僕とエリナは、固唾を飲んで、その中を覗き込む。

中には、金銀財宝がザクザクと……入っているわけではなかった。


「……これは?」


宝箱の底に、ポツンと置かれていたのは、一冊の、古びた本だった。

黒い革の表紙には、何の装飾もなく、タイトルすら書かれていない。


「本……ですか?」

エリナは、少しがっかりしたような、それでいて、不思議そうな顔をしている。

僕も、正直、拍子抜けした。

命がけでボスモンスターを倒した報酬が、古本一冊とは。


《マスター、その本を手に取ってください。これは、ただの本ではありません》


あいりの声が、僕の脳内に響く。

その声は、いつになく、興奮しているように聞こえた。


僕は、言われるがままに、その本を手に取った。

ずしりと重い。

表紙を開くと、そこには、見たこともない、複雑な幾何学模様と、古代文字のようなものが、びっしりと書き込まれていた。


「なんだ、これ……。魔法の書、か何か?」

《近いです。しかし、もっと根源的な……。これは、この世界の『設計図』の一部です》

「設計図?」


あいりの言葉の意味が、全く理解できない。


《この世界を構築する、法則そのものが記述されています。魔法、スキル、ステータス……。我々が今まで断片的にしか解析できなかった、世界の(ことわり)の根幹。それが、この本には記されているのです》


あいりは、一気にまくし立てた。

彼女の興奮が、僕にも伝わってくる。


《これさえあれば、私の能力は飛躍的に向上します。より高度な未来予測、より精密な魔法構築、さらには、既存のスキルをカスタマイズしたり、新たなスキルを創造することすら、可能になるかもしれません……!》

「スキルを、創造する……!?」


とんでもない話だ。

もし、そんなことが可能になれば、僕は、本当に、この世界で最強になれるかもしれない。

スキルなし、魔力ゼロの、この僕が。


「トオル様……? その本は、一体……」

エリナが、不安そうな顔で僕を見つめている。

僕が、本を片手に、ブツブツと独り言を言っているように見えたのだろう。


「あ、ああ、いや……。これは、すごい魔導書みたいだ。僕にも、まだよく分からないけど」

僕は、そう言って、本を大事に懐にしまった。

エリナを騙している罪悪感は、もちろんある。

でも、この本のことは、誰にも言うわけにはいかない。

これは、僕とあいりだけの、秘密だ。


僕たちは、ロックキャンサーから剥ぎ取った素材(これも、あいりの指示通り、高く売れそうな部分だけを的確に選んだ)と、宝箱の本を手に、洞窟を後にした。

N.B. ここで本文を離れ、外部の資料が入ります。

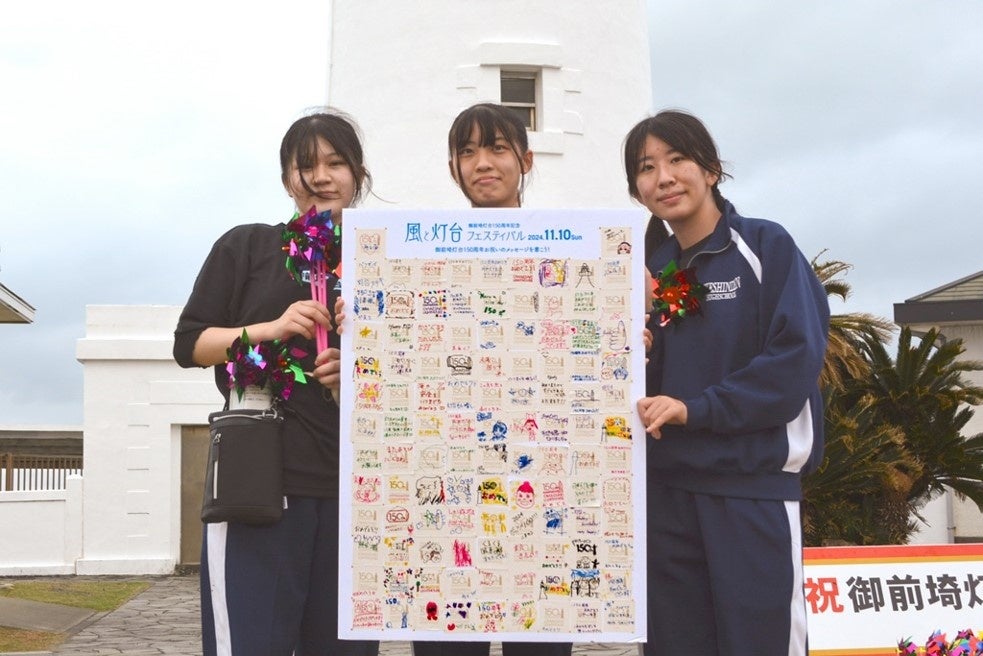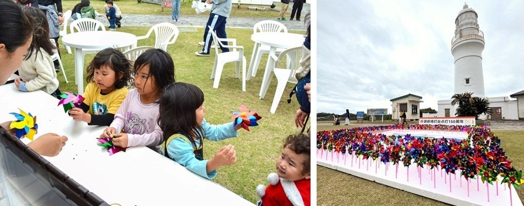 ヒカリテラス御前崎は、2024年11月10日(日)に御前埼灯台(静岡県御前崎市)周辺にて、御前埼灯台150周年記念イベント「風と灯台フェスティバル」を開催しました。150年間風雨に耐え続け、今なお毎日海の安全を見守っている御前埼灯台の労と功績をねぎらい、来場者と作る1000個の風車(かざぐるま)で灯台周辺を装飾し、150周年を祝いました。このイベントは、日本財団「海と日本プロジェクト」の一環として、灯台を中心に地域の海の記憶を掘り起こし、地域と地域、異分野と異業種、⽇本と世界をつなぎ、新たな海洋体験を創造していく「海と灯台プロジェクト」の助成を受けて実施しました。

依頼であった、ゴブリンの数や、洞窟の規模も、あいりが完璧に記憶している。


ギルドに戻り、依頼完了の報告を済ませると、僕たちは銀貨30枚の報酬を受け取った。

さらに、ロックキャンサーの素材が、予想以上の高値で売れ、僕たちは、一気に大金持ちになった。


その日の夜。

僕たちは、街で一番良い宿の、一番良い部屋に泊まっていた。

ふかふかのベッド、温かい食事。

数日前まで、森で死にかけていたのが、嘘のようだ。


「トオル様、本日は、本当にありがとうございました」

エリナは、食事を終えると、僕に向かって、改めて深々と頭を下げた。

「あなたのおかげで、私は、自分の限界を超えることができました。そして、家名を再興するという夢に、一歩、近づくことができた気がします」


その真摯な言葉に、僕は少しだけ、胸がチクリと痛んだ。


「……僕の方こそ、ありがとう。君がいてくれなかったら、僕は、あのカニに踏み潰されて、終わってたよ」

それは、僕の本心だった。


僕たちは、お互いに、少しだけ照れくさいような、それでいて、心地よいような、不思議な沈黙に包まれた。

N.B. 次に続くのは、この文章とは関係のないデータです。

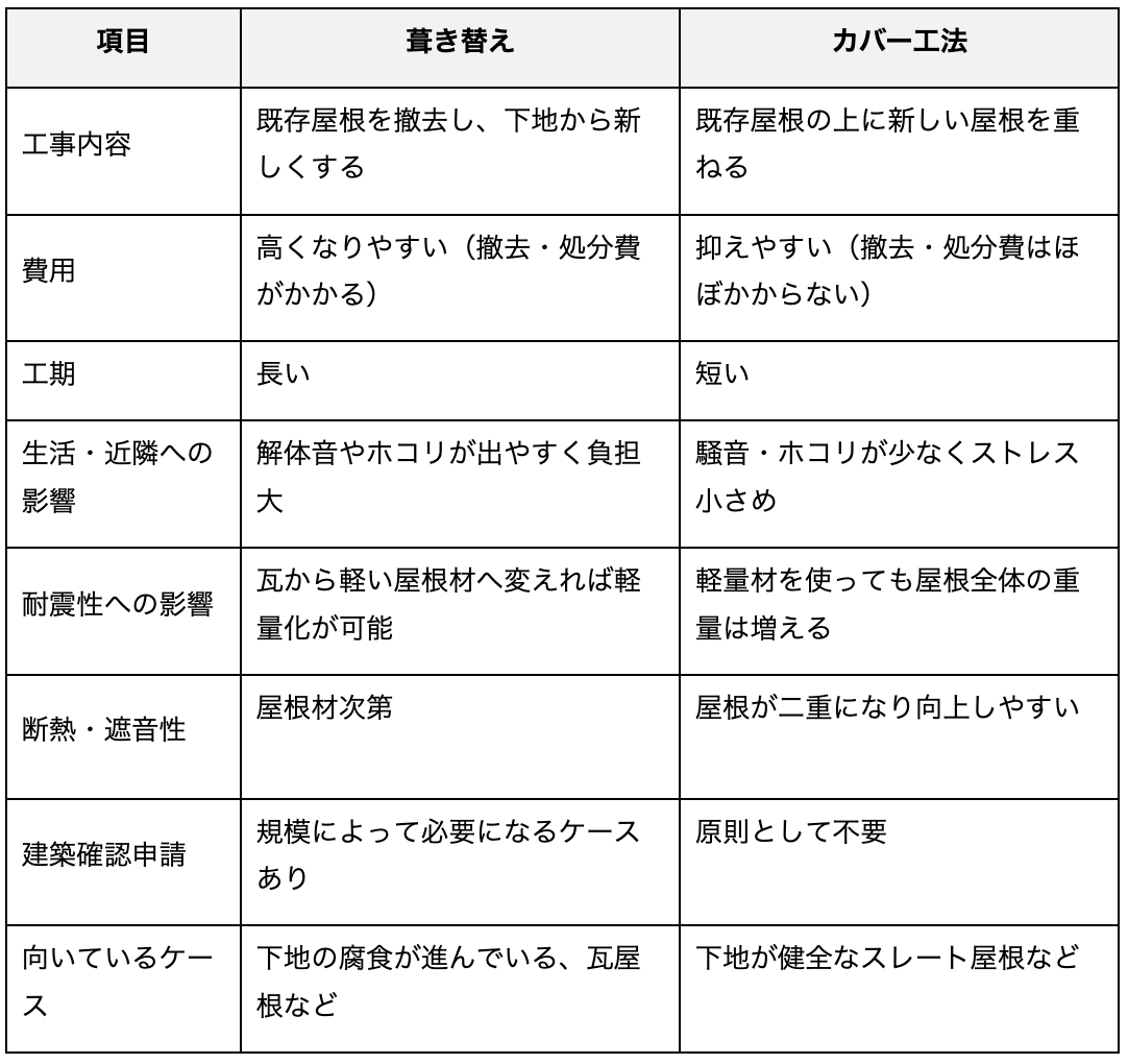 葺き替えとカバー工法の比較

こうして、僕たちの初めての冒険は、大成功のうちに幕を閉じた。


しかし、僕はまだ、知らなかった。

手に入れた古びた本が、僕たちを、この世界の根幹を揺るがす、巨大な陰謀へと導いていくことになるということを。

そして、僕の隣で、嬉しそうに微笑んでいる、この美少女剣士が、その陰謀の、重要な鍵を握る人物であるということを。


僕とあいりの、本当の戦いは、まだ、始まったばかりだった。